The federal review estimated the construction of the shorter plan would be carried out in phases and could take up to 11½ years. It was unclear how much the timeline would change with recent revisions.

FROM said its incorporation of an underground facility would better cope with pick-up and drop-off activity at the station while relieving surrounding streets of traffic.

“While this change will affect start-up costs, it addresses many of the challenges of expanding regional access in downtown Washington DC, and we believe the impact of this new strategy will benefit society and the many citizens using this historic multimodal transportation hub. in the long run, “the agency said in a statement.

FRA’s original plan required 1,575 parking spaces, down from the existing 2,200. That would have been in line with what’s available at stations in Philadelphia and Boston, according to project documents. However, New York’s Penn Station and many other train stations throughout the United States and the world do not have on-site parking.

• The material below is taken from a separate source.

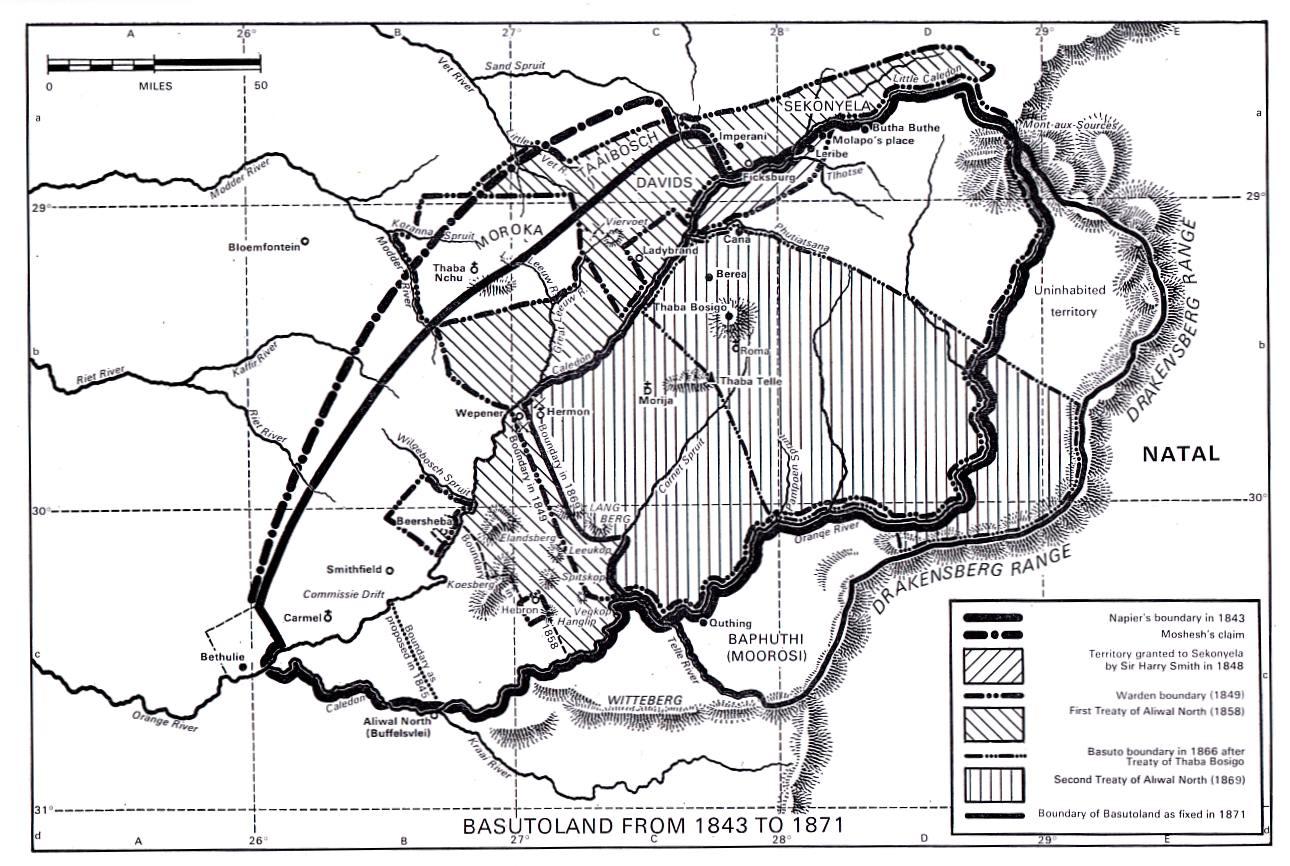 Again Moshoeshoe kept on, not wanting to accept these borders and thus the 3rd Basuto War started in Aug 1867 and lasted to March 1868. It was ended when Britain declared the protectorate of Basutoland. The Basutos came under British protection and were thus off limits to the Free State. The border question was again negotiated and a treaty signed at Aliwal North. It defined the borders as they stand today.

City leaders said the multi-level replacement garage was at odds with the city’s efforts to reduce car traffic. Among those sending letters in opposition to the federal agency were Mayor Muriel E. Bowser (D) and Norton. The National Capital Planning Commission, which oversees the project and provides planning guidance for federal lands and buildings in the Washington region, also asked the FRA to include a parking program that “significantly reduces parking.”

The revised concept is expected to reduce the parking garage by nearly 1,600 spaces by as much as 50 percent, Planning Commission officials said.

Anita Cozart, interim director of the DC Office of Planning, recently praised the response to the city’s feedback, saying the FRA, Amtrak and USRC had listened to revise the plans, particularly related to parking improvements, the bus facility and vehicle access to the station.